Finish Line Inc. reported its loss in the third quarter widened to $40.4 million, or $1 a share, from a loss of $21.8 million, or 43 cents, a year ago. Revenues grew 3 percent to $371.7 million.

For the thirteen weeks ended November 26, 2016:

  • Consolidated net sales were $371.7 million, an increase of 3 percent over the prior-year period.
  • Finish Line comparable-store sales increased 0.7 percent.
  • Finish Line Macy’s sales increased 33.2 percent.
  • On a GAAP basis, diluted loss per share from continuing operations were a loss of 26 cents a share.
  • Non-GAAP diluted loss per share from continuing operations, which primarily excludes severance-related charges, were a loss of 24 cents a share.
  • As a result of the company’s process to explore strategic alternatives for the JackRabbit business, the results of JackRabbit have been reported within discontinued operations.

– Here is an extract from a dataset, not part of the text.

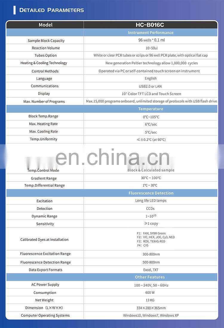 HC-B016C Advanced 96 Wells Realtime Pcr Test Machine Real Time Pcr System

“We are disappointed that our third-quarter sales and earnings fell short of our expectations,” said Sam Sato, CEO of Finish Line. “Steep declines in apparel and accessories offset a high-single-digit footwear comp gain and a 33 percent sales increase in our Macy’s business. While we continue to work on narrowing our soft goods assortment and aligning our offering with customer demand, our primary focus remains on growing the cornerstones of the Company’s foundation – our Finish Line footwear business and our partnership with Macy’s – through enhanced customer engagement. At the same time, we are making progress developing a more efficient operating model that drives increased profitability and greater shareholder value over the long term. We are now fully benefitting from our enhanced supply chain and are just beginning to realize the $6 million in annualized savings from our actions aimed at streamlining our organizational structure. Despite our recent underperformance, we remain confident in the strategic course we have set for the Finish Line.”

Balance Sheet
As of November 26, 2016, consolidated merchandise inventories increased 4.6 percent to $401.5 million compared to $383.8 million as of November 28, 2015.

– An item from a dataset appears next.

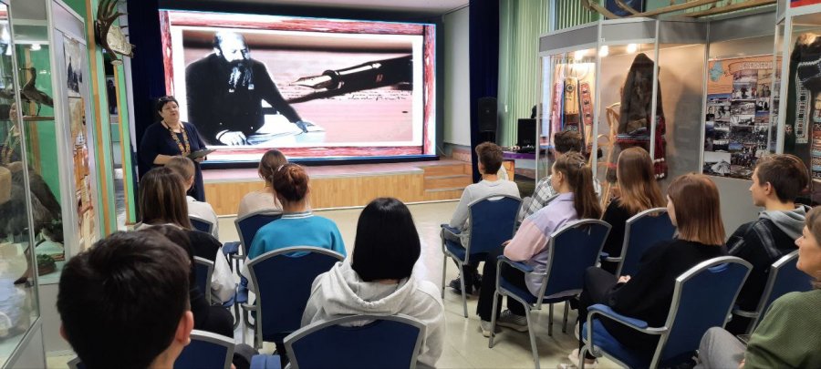«Культуру и жизнь Отечества строят не «время» и «эпоха», а живые и смертные люди с именами и фамилиями, строят со своими понятиями и вкусами, своими идеалами или интересами. В поединке корысти и совести решают не обстоятельства, решает человек, его личный выбор».Эти слова, как никакие другие, подходят к определению судьбы замечательного человека, знатного геолога, основателя и бессменного директора Билибинского краеведческого музея Григория Сергеевича Глазырина. В этом году Г. С. Глазырину исполнилось бы 114 лет. 24 ноября в Билибинском районном краеведческом музее состоялось мероприятие «Г. С. Глазырин – наш «дед», наша легенда» для старшеклассников общеобразовательной школы. Научные сотрудники подготовили лекцию и презентацию, рассказывающие о судьбе Григория Сергеевича. Также перед ребятами выступила директор музея Марина Иваницкая, которая поделилась воспоминаниями о своей работе с легендарным «дедом». Ребята познакомились с экспозицией и фотодокументальной выставкой, увидели личные вещи, предметы, которыми пользовался дед. Школьники задавали вопросы и состоялась беседа. Они узнали много нового о том, как судьба человека бывает тесно связана с судьбой Родины.

The company repurchased 250,000 shares of common stock in the third quarter, totaling $5.8 million. The company has 5 million shares remaining on its current board authorized repurchase program.

As of November 26, 2016, the company had $33.3 million in cash and cash equivalents and $17 million of interest-bearing debt.

Outlook
For the fiscal year ending February 25, 2017, the company now expects Finish Line comparable-store sales to range between flat to up 1 percent and non-GAAP diluted earnings per share from continuing operations between $1.24 and $1.30.

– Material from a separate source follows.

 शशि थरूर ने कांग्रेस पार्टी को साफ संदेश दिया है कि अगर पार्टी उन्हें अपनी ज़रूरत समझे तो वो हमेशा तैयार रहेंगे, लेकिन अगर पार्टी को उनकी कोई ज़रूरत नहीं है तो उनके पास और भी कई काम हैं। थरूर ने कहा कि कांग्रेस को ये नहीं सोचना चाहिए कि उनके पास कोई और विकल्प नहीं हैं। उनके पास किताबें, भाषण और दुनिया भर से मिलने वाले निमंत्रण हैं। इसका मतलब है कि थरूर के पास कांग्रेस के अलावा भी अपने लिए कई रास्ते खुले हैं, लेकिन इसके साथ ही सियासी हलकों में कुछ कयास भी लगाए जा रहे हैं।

For the fourth quarter ending February 25, 2017, the company expects Finish Line comparable-store sales to be down between 3 percent to 5 percent and non-GAAP diluted earnings per share from continuing operations between 68 cents and 73 cents.

Included in this updated outlook is an expected tax refund delay shifting sales from the fourth quarter of fiscal year 2017 into the first quarter of fiscal year 2018. We anticipate this timing difference will reduce fourth-quarter Finish Line comparable-store sales by 2 percent to 3 percent, and earnings per share from continuing operations between 6 cents and 8 cents.